Reproduce the listing below from the line with "出现后的再一铝质天花产品,其" to the line with "大阪湾にでる競争では、みんな", both lines included, character for character, minus any pictures.

*Exercise material*
+ + +

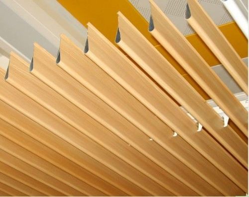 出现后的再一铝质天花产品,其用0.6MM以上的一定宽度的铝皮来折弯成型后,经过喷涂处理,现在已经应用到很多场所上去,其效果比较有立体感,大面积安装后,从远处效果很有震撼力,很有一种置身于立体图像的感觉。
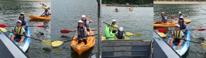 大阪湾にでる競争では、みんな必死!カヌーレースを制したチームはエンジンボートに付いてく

+ + +

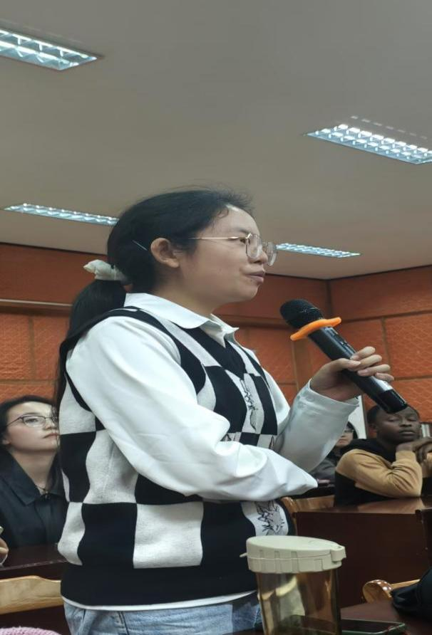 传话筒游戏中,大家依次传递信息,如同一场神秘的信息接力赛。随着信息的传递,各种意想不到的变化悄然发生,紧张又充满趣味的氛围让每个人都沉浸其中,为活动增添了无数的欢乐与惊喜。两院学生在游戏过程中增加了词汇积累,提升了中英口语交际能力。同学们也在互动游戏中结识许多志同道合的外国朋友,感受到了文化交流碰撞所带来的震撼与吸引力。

+ + +

*Task output*
 出现后的再一铝质天花产品,其用0.6MM以上的一定宽度的铝皮来折弯成型后,经过喷涂处理,现在已经应用到很多场所上去,其效果比较有立体感,大面积安装后,从远处效果很有震撼力,很有一种置身于立体图像的感觉。
 大阪湾にでる競争では、みんな必死!カヌーレースを制したチームはエンジンボートに付いてく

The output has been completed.